The deterritorialization at issue here obliges us to refer back to that very famous concept of the aura defined by Walter Benjamin (Walter Benjamin, 'The Work of Art in the Age of Mechanical Reproduction' in Illuminations, trans. by H. Zohn, Schocken, New York, 1969.). Returning to this idea today in a text on photography may seem somewhat hackneyed, since it has been endlessly associated with this medium. However, the loss of uniqueness diagnosed in the 1930s by this German philosopher may offer the possibility of understanding that these generic cities are merely an inevitable extension of the decline of the hic et nunc, the here and now. For Benjamin authenticity was associated with the artwork insofar as the latter is the depository of a tradition (visible through its material presence), which mechanical reproduction annihilated in two ways by decontextualizing and updating it. In our day, all the new urban areas are to be interpreted as the product of this transformation. But it also underlines that Benjamin's dialectic is no longer totally effective: "the unique phenomenon of a distance, however close it may be" is not resolved in a simple close relationship with things. There is no doubt that the hold of banality has increased. But this does not always mean an elimination of distance.

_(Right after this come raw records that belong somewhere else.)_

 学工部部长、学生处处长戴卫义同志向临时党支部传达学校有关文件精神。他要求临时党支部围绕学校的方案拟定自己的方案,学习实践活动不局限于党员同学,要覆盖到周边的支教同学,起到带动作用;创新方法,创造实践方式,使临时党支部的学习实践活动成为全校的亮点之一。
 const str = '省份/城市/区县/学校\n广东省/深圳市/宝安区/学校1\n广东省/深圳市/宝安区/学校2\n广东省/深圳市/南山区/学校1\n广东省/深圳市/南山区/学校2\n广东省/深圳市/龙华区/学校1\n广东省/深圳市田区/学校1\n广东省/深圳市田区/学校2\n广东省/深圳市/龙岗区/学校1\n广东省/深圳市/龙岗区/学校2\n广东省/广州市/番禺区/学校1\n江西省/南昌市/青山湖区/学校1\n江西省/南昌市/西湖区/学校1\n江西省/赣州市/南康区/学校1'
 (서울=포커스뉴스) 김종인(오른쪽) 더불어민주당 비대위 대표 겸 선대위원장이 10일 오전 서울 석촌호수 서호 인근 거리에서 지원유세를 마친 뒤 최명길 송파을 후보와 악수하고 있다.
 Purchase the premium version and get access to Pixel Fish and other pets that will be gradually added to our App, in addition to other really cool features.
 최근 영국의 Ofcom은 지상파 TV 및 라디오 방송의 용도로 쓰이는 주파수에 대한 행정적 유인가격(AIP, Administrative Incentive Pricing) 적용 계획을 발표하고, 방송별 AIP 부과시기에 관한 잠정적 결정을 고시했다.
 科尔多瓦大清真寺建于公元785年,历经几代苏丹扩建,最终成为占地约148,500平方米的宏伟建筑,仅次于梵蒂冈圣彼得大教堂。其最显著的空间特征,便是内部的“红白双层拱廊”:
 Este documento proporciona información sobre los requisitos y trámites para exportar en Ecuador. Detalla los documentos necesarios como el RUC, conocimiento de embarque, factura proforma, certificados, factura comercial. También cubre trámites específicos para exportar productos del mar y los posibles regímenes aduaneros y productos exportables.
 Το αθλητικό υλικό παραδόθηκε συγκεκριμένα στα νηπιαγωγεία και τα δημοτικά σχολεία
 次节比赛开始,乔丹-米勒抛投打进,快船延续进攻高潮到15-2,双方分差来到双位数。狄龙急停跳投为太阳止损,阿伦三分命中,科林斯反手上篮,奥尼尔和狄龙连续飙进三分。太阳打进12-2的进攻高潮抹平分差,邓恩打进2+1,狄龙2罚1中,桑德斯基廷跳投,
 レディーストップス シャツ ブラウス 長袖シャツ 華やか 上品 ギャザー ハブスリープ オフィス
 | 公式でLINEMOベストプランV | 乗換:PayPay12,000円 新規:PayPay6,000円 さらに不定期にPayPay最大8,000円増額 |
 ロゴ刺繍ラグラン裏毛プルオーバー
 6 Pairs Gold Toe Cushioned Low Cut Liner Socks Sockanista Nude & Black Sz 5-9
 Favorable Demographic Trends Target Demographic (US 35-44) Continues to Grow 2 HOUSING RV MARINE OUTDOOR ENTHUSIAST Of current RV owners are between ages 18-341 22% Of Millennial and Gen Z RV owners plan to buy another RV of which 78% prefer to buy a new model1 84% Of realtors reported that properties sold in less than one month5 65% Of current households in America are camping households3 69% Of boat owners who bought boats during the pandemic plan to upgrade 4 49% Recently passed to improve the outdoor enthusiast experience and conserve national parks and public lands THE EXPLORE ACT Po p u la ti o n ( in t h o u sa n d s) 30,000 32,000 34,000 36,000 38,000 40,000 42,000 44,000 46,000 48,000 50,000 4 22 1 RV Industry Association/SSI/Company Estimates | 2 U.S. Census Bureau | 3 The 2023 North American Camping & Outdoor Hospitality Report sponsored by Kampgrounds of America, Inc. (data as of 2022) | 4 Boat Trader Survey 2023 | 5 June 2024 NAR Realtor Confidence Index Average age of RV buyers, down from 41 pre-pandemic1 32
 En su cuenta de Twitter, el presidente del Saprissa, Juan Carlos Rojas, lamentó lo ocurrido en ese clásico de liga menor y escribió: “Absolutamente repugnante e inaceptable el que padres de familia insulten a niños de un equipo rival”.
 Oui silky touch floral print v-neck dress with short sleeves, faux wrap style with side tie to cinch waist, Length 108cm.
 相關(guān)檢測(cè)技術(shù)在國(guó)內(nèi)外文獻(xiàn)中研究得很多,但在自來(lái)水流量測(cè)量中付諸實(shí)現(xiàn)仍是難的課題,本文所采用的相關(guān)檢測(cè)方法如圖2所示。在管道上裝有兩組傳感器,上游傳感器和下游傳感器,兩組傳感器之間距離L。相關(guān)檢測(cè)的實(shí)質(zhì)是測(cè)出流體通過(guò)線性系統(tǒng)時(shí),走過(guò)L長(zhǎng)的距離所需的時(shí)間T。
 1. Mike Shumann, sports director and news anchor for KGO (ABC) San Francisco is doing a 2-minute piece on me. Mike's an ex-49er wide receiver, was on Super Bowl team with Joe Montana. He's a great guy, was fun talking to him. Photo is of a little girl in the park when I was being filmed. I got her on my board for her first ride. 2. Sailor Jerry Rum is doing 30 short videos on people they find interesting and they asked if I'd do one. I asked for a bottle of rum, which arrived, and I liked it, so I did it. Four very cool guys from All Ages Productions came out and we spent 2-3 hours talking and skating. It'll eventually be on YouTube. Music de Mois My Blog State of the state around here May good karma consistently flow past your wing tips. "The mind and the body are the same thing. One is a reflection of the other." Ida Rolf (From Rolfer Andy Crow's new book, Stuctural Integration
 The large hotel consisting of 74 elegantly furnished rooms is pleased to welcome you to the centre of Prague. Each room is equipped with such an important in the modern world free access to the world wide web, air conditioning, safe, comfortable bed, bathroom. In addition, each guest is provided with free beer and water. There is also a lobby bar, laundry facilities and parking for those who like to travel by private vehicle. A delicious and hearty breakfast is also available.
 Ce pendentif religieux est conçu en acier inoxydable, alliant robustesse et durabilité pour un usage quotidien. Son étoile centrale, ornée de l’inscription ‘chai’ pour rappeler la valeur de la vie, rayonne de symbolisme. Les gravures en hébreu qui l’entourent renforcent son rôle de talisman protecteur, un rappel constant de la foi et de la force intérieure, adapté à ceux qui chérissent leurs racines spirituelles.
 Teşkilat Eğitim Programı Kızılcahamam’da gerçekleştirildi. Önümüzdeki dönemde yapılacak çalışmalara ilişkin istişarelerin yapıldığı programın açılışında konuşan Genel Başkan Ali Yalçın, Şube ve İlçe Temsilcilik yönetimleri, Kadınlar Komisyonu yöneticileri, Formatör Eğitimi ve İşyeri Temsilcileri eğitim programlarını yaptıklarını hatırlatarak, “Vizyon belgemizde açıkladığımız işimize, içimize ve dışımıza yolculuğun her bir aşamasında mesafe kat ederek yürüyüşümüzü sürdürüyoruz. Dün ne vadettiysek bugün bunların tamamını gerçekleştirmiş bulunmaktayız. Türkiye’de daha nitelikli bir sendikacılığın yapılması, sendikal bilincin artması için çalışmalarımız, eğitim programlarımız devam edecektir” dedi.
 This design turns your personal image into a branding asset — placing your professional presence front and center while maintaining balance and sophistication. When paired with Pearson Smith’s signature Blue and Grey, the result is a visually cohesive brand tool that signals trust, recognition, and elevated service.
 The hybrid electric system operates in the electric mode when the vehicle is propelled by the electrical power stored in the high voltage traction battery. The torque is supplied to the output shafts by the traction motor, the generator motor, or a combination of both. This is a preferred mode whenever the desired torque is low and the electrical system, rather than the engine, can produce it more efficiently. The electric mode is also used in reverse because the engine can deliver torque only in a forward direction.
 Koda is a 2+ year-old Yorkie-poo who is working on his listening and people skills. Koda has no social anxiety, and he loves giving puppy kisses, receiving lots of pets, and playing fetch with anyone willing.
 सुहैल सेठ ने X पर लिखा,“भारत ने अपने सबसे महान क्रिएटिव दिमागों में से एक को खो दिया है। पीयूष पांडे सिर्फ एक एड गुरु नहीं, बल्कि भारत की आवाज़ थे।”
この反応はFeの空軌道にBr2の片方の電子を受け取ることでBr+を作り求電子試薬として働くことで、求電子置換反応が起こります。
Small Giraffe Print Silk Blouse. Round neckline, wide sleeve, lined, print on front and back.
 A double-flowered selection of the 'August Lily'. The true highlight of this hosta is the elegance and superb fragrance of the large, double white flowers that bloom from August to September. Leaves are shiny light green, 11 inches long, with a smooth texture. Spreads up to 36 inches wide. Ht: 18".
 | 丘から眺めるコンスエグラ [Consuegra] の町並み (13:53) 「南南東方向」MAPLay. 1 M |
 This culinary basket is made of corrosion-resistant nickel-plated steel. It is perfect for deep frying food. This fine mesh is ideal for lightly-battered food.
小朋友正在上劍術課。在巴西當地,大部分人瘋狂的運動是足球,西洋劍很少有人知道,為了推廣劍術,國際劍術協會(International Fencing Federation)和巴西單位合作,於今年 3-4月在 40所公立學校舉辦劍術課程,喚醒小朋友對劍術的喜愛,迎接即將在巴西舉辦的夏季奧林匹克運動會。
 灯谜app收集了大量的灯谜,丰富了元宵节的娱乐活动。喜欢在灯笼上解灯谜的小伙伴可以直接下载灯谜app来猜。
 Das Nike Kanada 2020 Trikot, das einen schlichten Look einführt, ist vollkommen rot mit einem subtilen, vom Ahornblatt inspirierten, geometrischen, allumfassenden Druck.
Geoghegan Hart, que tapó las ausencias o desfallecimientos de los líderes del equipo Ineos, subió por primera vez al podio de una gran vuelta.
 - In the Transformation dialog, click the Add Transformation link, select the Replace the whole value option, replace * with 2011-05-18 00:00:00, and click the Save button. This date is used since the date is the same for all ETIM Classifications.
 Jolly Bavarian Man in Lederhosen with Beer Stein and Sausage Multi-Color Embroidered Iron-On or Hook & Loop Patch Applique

In this respect, Claire Chevrier's photographs very often maintain a distance that takes the visual form of an empty area in the foreground. They combine the familiarity of an architectural vocabulary borrowed from a kind of international modernism with picturesque details, like the saris worn by the Hindu women in Bombay in Paysage-ville 03. Without focusing on exotic elements, her images show the topographical intermingling of the strange and the ordinary, variety and uniformity. Ambivalence replaces these precise opposites to give a picture of contemporary life where the diverse and the same become interchangeable. It is this lack of distinction that perhaps saves the aura from being totally eclipsed. At the moment of mixing, "a singular web of space and time" subsists, a sign that the gaze continues to be the synonym of an experience, far removed from all purity.